The boards of Deccan Aviation and Kingfisher Airlines on Wednesday unanimously decided to merge Kingfisher Airlines with Deccan Aviation.
The merger will create the largest player in the domestic aviation market and pave the way for Vijay Mallya to fly his Kingfisher Airlines to overseas destinations.
Deccan Aviation will subsequently be renamed Kingfisher Airlines. Vijay Mallya will be the chairman and CEO of this company and GR Gopinath, who pioneered low cost aviation in India with Deccan Aviation, will be its vice-chairman.
Mallya’s UB Holdings, which owns the closely-held Kingfisher Airlines and has 46 per cent in Deccan Aviation, will hold a “significant majority” in the new firm.
Today’s decision follows recommendations to this effect made by professional services firm Accenture which was appointed to present a report on synergies between the two airlines.

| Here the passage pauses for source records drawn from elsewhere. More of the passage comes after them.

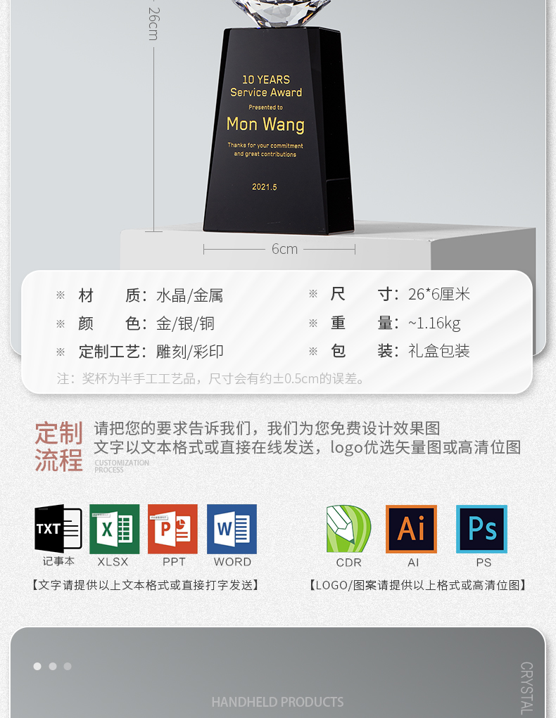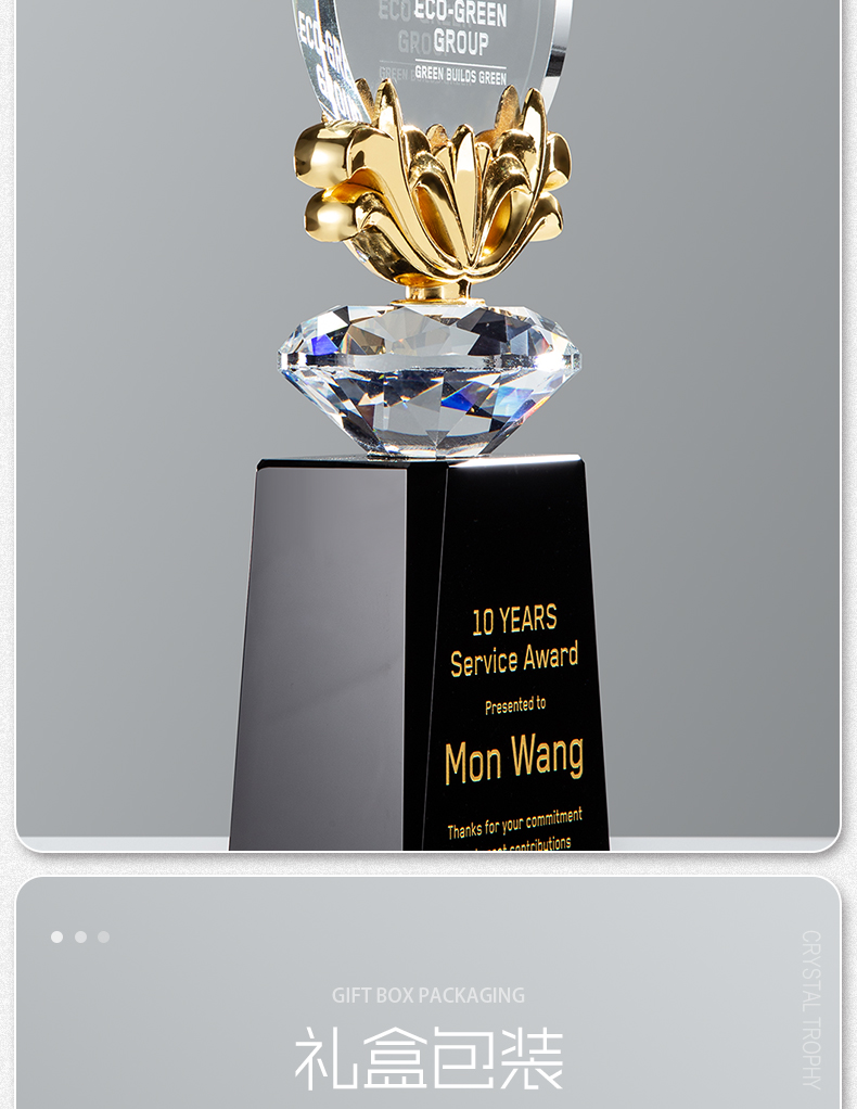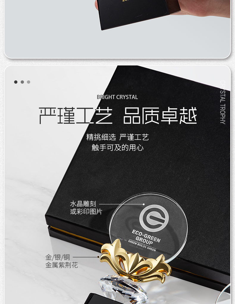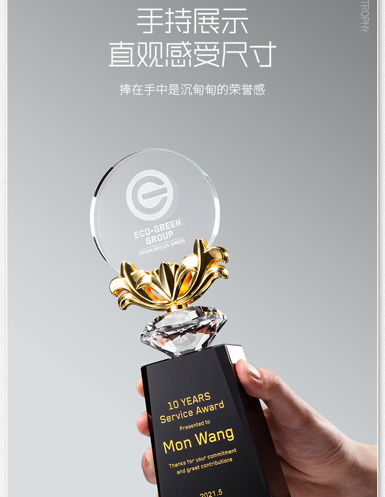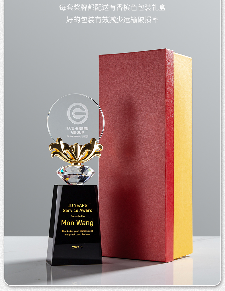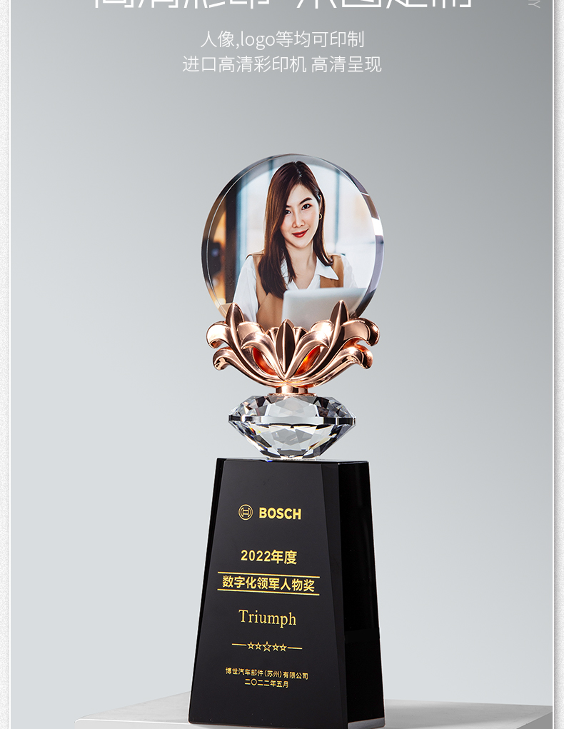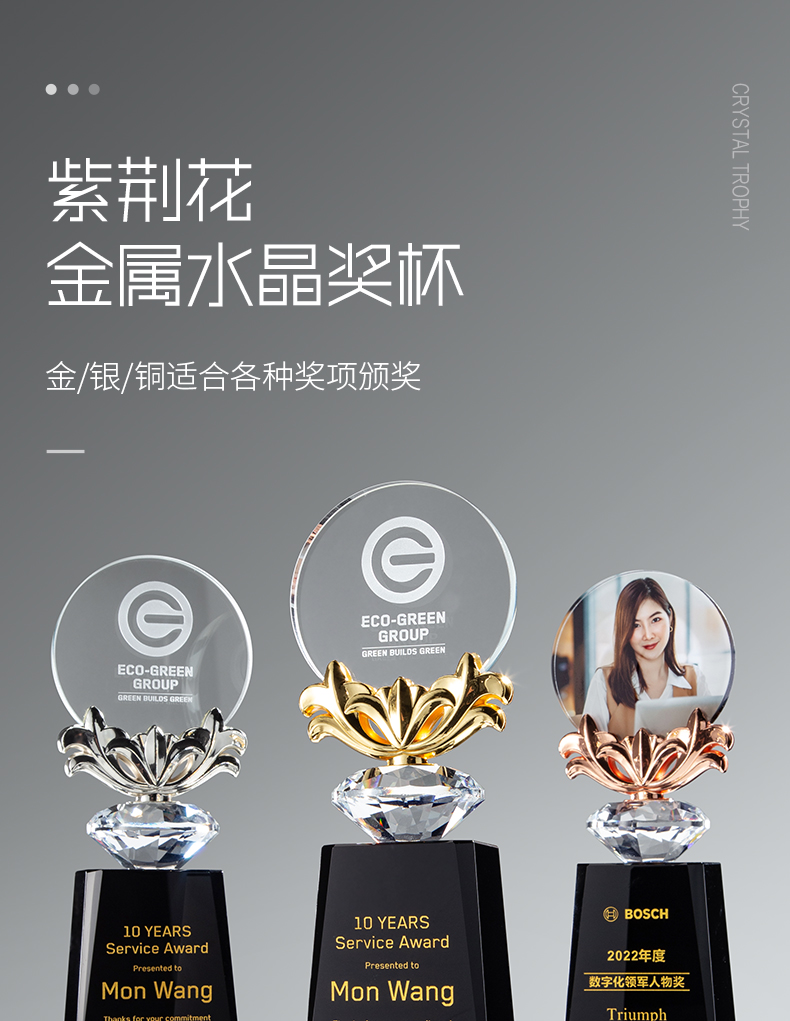 紫荆花创意水晶奖杯定制定做企业入职纪念奖牌照片金银铜冠军订制
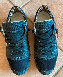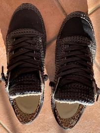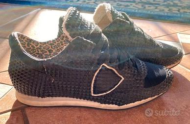 Scarpe Philippe Model modello Tropez X (o simile) in pelle e tessuto tecnico di colore blu nero con un distintivo motivo a borchie tridimensionali/piramidi su tutta la tomaia. Presentano l'iconico scudo laterale in pelle chiara e un vivace dettaglio in fantasia leopardata sul tallone interno, che aggiunge un tocco audace. Le condizioni sono usate ma ancora ottime (come da foto)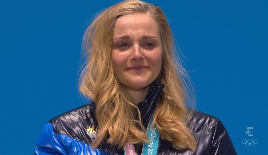 Die 24-jährige Stina Nilsson holte gestern Gold im klassischen Langlauf-Sprint. Bei der heutigen Medaillenübergabe konnte die Schwedin ihre Emotionen nicht mehr kontrollieren. Nilsson hatte vor den Winterspielen in Südkorea bereits vier WM-Silbermedaillen in ihrem Besitz gehabt, nun stand sie erstmals an einem Grossanlass zuoberst auf dem Podest.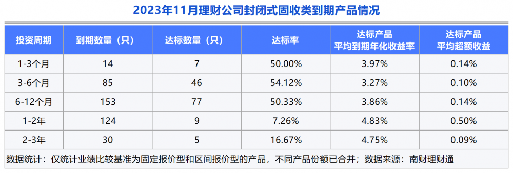 11月到期品业绩达标情况:固收类产品达标率环比持平,短期限产品约半数达标,1-2年期限产品达标率仍处低位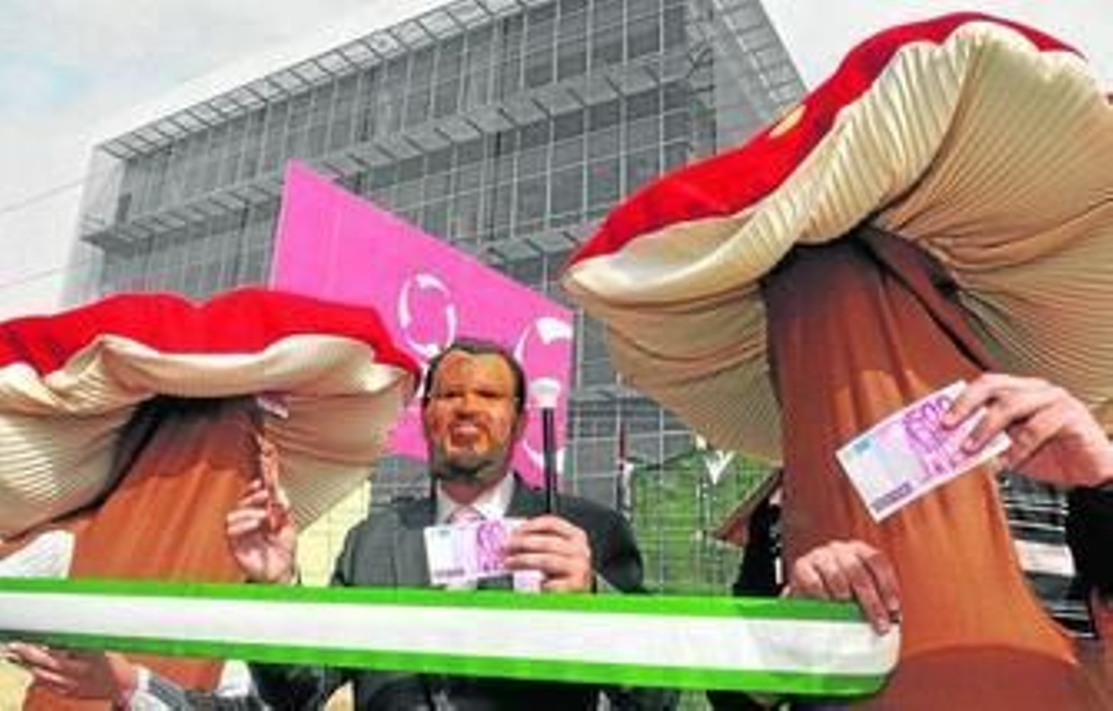 Un tipo trajeado con una careta del alcalde de Sevilla reparte falsos billetes de 500 euros a otros dos disfrazados de setas en las puertas de la futura Jefatura de la Policía Local en la Ranilla. El del traje corta con su mano derecha una cinta con la bandera de Andalucía, mientras con la izquierda sostiene un enorme langostino al que llama por el apodo de Torrijín. Detrás, unos obreros colocan apresuradamente una malla verde para evitar que no se vea la obra y tratar de afear las fotografías que los medios hacen de esta parodia de las inauguraciones que ayer representó el Sindicato Profesional de Policías Municipales de España (Sppme) en Sevilla.

Both the airlines are in the red. While Deccan Aviation reported a loss of Rs 419 crore for the year ended June 30, 2007, Kingfisher Airlines had a loss of Rs 577 crore on its books for the year ended March 31, 2007.

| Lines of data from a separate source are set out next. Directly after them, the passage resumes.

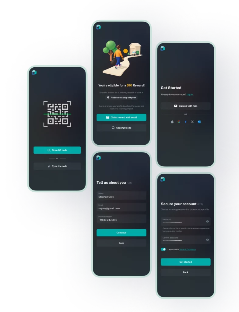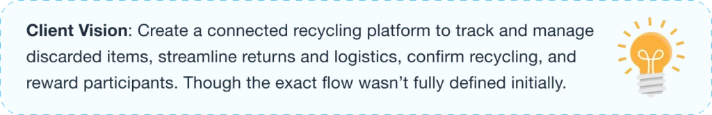 This case study focuses on the “Consumer’s role” within the recycling ecosystem. While the overall vision involves multiple stakeholders. We emphasize how “Consumers” interact with the system from onboarding to long-term participation. The study highlights key flows like easy onboarding, intuitive navigation through a central dashboard, tracking activity and earning reward points. We also examine features like claiming and sharing rewards, impact reporting, to build trust and motivation.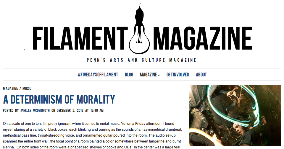 Janelle's profile of friend and metal guitarist Matt Weed was published in Filament Magazine. Click for the full text!
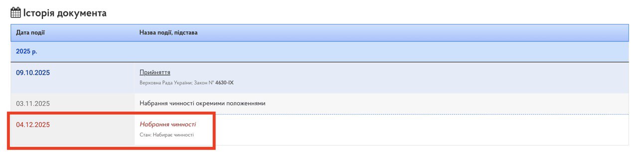 Законопроект № 13335 було прийнято Верховною радою України ще 09.10.2025 року. Опублікування в офіційному виданні "Голос України відбулося 03.11.2025 року. Відповідно до прикінцевих положень - "Цей Закон набирає чинності через один місяць з дня, наступного за днем його опублікування". Тому починаючи з 04.12.2025 року закон офіційно набирає законної сили та може використовуватись громадянами та юридичними особами у процедурі бронювання.
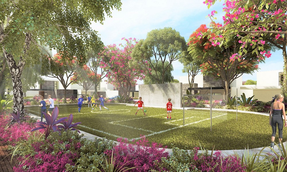 El desarrollo tiene más de 29,000 m2 de amenidades y áreas verdes con arquitectura distintiva y amigable con el entorno, siendo la amenidad principal la Casa Club.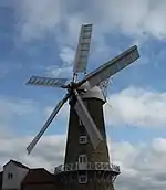 At the beginning of the First World War, a number of the town's trawlermen, together with some from Grimsby, were taken prisoner after their ships were sunk by German raiders in the North Sea. Their families did not know what had happened to them until late September 1914. The men were taken to Sennelager camp, then on to Ruhleben POW camp, where most remained until repatriated in 1918. A full report of their homecoming is in the Lincolnshire Standard newspaper, January 1918. During the war the port was used by hospital ships and some 4,000 sick or wounded troops passed through Boston.[17] The town was bombed by a Zeppelin on 2 September 1916, injuring three adults and killing a child.[18]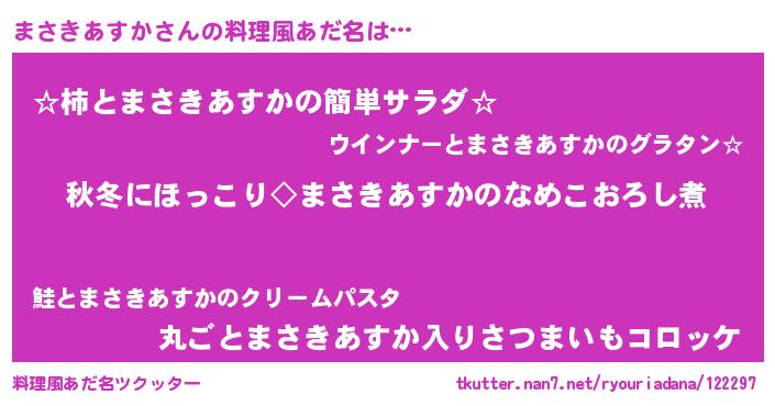 | 意味不明あだ名 | 『住所不定無職まさきあすか(91歳)』 |
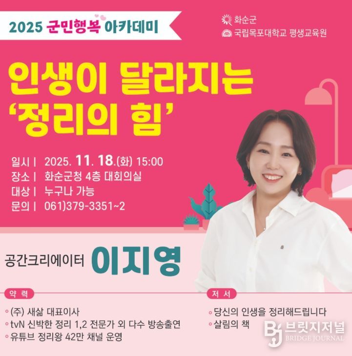 브릿지저널 김경미 기자 | 화순군은 오는 11월 18일 오후 3시, 화순군청 4층 대회의실에서 2025 군민행복 아카데미 9회차 강연을 개최한다고 밝혔다.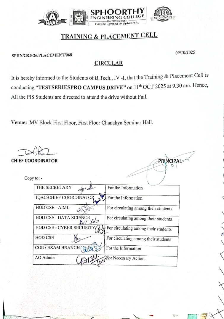 - Training and Placement Department is organising NextGen employability program for 2025 passout students Details Posted On : 25 Nov 2024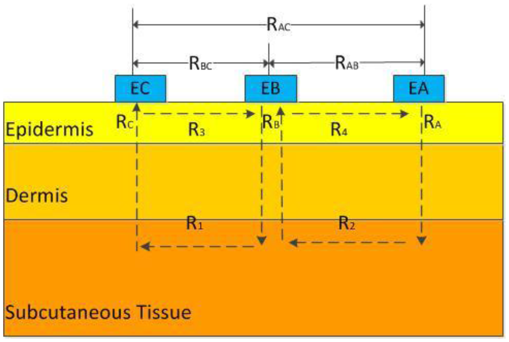 To simplify the analysis, the skin was treated as a pure resistance model. The structure of the three-electrode sensor was shown in Figure 1 (EA, EB, and EC are electrodes A, B, and C, respectively) [16]. The area of skin to be measured was under electrode B. RA, RB, and RC were the longitudinal resistances of the epidermis under electrodes A, B, and C, respectively; R1 and R2 were the resistances of the tissue under the epidermis between electrodes B and C and between electrodes A and B, respectively. R3 and R4 were the resistances of the epidermis between electrodes B and C and between electrodes A and B, respectively. When a voltage was applied between two electrodes, the main path of the current originated from one electrode, penetrated the epidermis, was transmitted to the deep tissue, and reached the other electrode by penetrating the epidermis again. Then, the following relations were established:

The new firm will operate two separate brands – Deccan and Kingfisher – and will retain their identities of being a low-cost carrier and a full-service airline, respectively.
Addressing the media after the board meetings, Mallya said that the new firm will kick off by early next fiscal. The swap ratio will be decided within four to five weeks’ time from today and will be decided by accounting firms KPMG and Dalal & Shah.

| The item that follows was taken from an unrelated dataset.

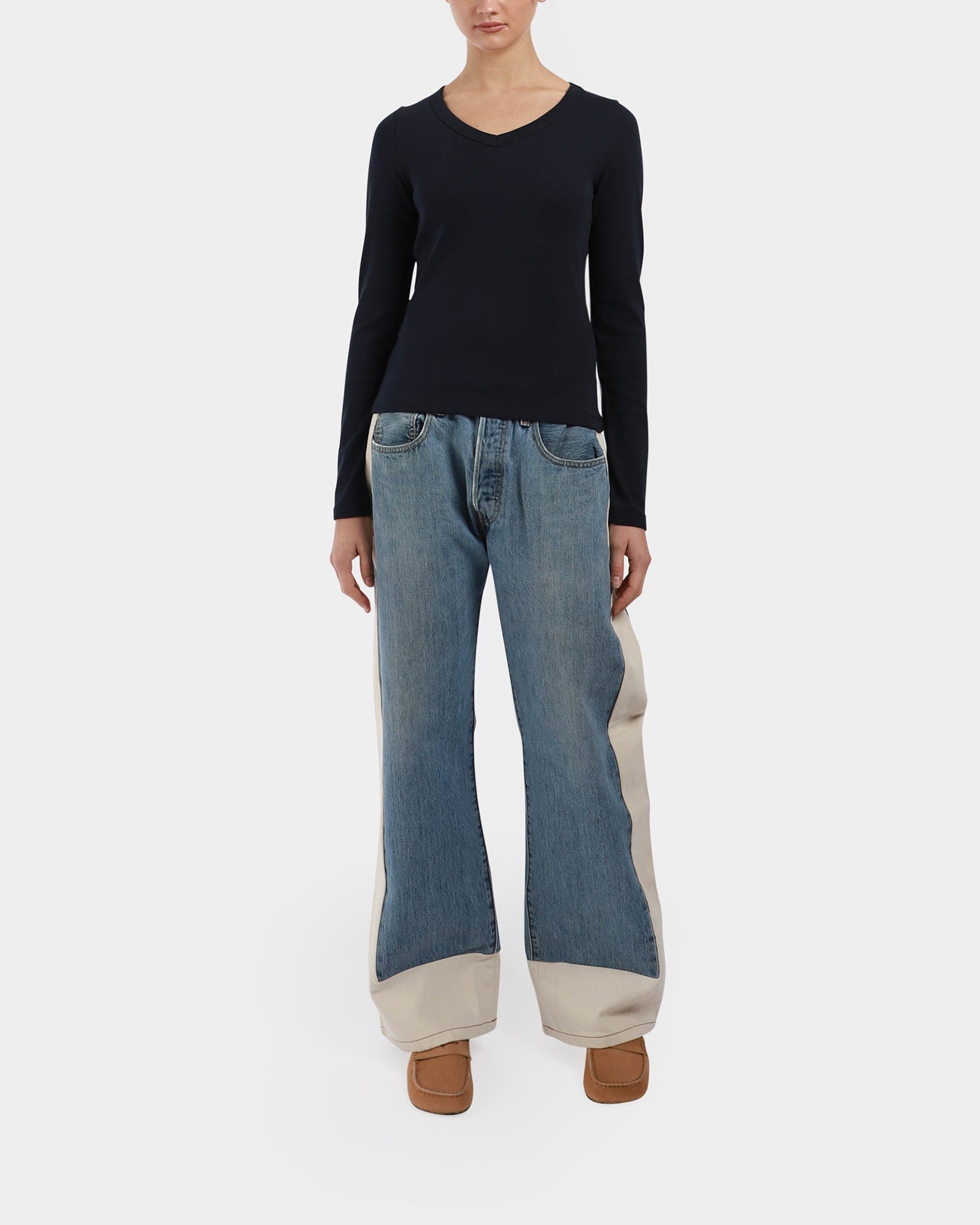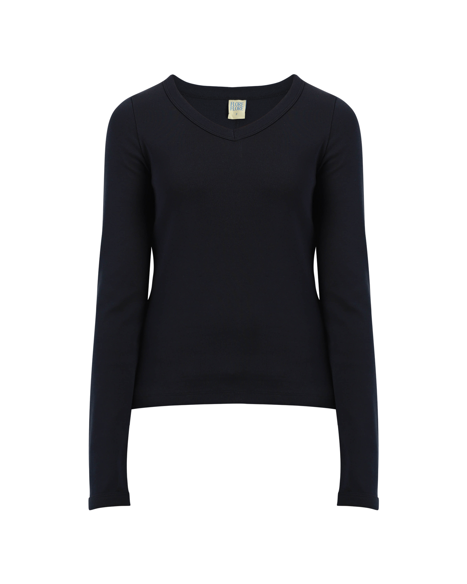 The Jill Longsleeve tee, made from 100% organic cotton, features a banded v-neckline, long sleeve with a fitted silhouette. Made in Portugal.

This process of merger has been a result of Kingfisher Airlines recently acquiring 46 per cent in Deccan Aviation through a two step process.
First, Kingfisher Airlines acquired 26 per cent in Deccan Aviation and then made a public open offer for shareholders of Deccan Aviation. UB Holdings collectively spent around Rs 1,000 crore for this acquisition.
Mallya, who has been lobbying hard with the government to let him fly abroad before his airline completes five years of domestic operations, would get what he wanted through this strategic move.
“There is absolutely no doubt on why Kingfisher Airlines cannot fly overseas. From August 2008, the merged firm will have a right to fly overseas. With our two brands, we will surely fly overseas post that date,” he held forth.
It is understood that Deccan will fly to SAARC and West Asian countries, while, Kingfisher's target will be to touch down at San Francisco and New York from Bangalore.
Gopinath further added that Accenture in addition to this merger has also advised elaborately on the route rationalization, cost utilization and staffing issues, which will be detailed at a later date.